**** Recorded data ****

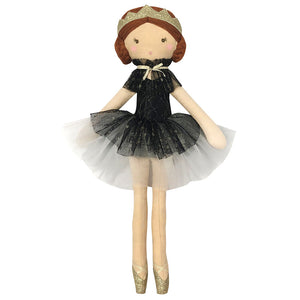 Odile, the Black Swan ballerina doll, stands in striking contrast to the White Swan Odette. She wears a shimmering black tutu and a golden crown, making an unforgettable impression. This carefully handcrafted keepsake is perfect for young dancers to cherish and inspire. Share the enchantment of the ballet with this special keepsake.
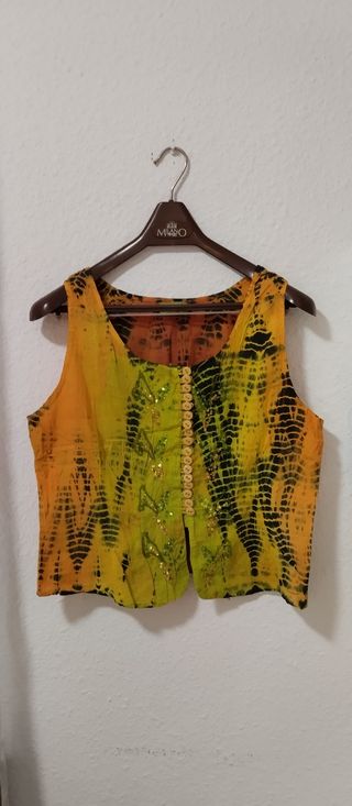 Preciosa blusa sin mangas, ideal para el verano. Es de color amarillo y naranja, con un diseño estampado muy llamativo. - Tiene un cierre de botones en la parte delantera. - Está adornada con lentejuelas y detalles brillantes. - La tela parece ligera y fresca.
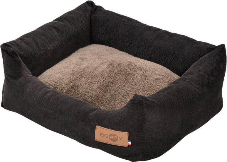 Corbeille carrée en velours et fourrure. Taille M. Dim. : 63 x 50 x 18 cm. Coussin réversible. Plusieurs tailles disponibles.(1)
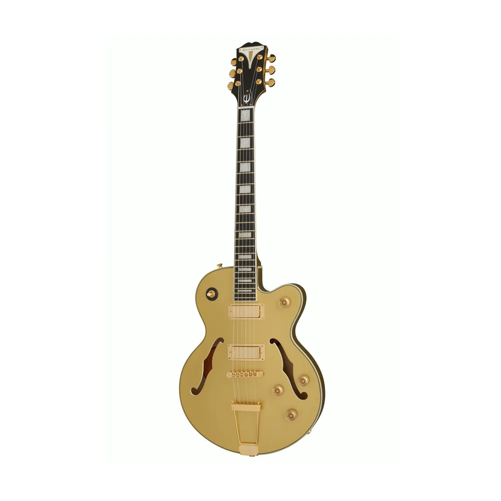 An original Epiphone shape, with a modern twist – the new Uptown Kat produces a great sound with a metallic modern finish. The new UpTown Kat™ ES Collection is the next generation of Epiphone’s classic“Kat” archtop and features a true ES style semi-hollowbody archtop with newly designed Epiphone ProBucker™ FB720 mini humbuckers™, Graph Tech® nut, Ebonyngerboard, and Grover® Rotomatic tuners. Available in four great colours – Sapphire Blue Metallic, Ruby Red Metallic, Emerald Green Metallic, and Topaz Gold Metallic.

****

Assignment: Without the pictures, please reproduce each line of the listing above exactly, from the first one through the line bearing "Corbeille carrée en".

Result for this exercise:
 Odile, the Black Swan ballerina doll, stands in striking contrast to the White Swan Odette. She wears a shimmering black tutu and a golden crown, making an unforgettable impression. This carefully handcrafted keepsake is perfect for young dancers to cherish and inspire. Share the enchantment of the ballet with this special keepsake.
 Preciosa blusa sin mangas, ideal para el verano. Es de color amarillo y naranja, con un diseño estampado muy llamativo. - Tiene un cierre de botones en la parte delantera. - Está adornada con lentejuelas y detalles brillantes. - La tela parece ligera y fresca.
 Corbeille carrée en velours et fourrure. Taille M. Dim. : 63 x 50 x 18 cm. Coussin réversible. Plusieurs tailles disponibles.(1)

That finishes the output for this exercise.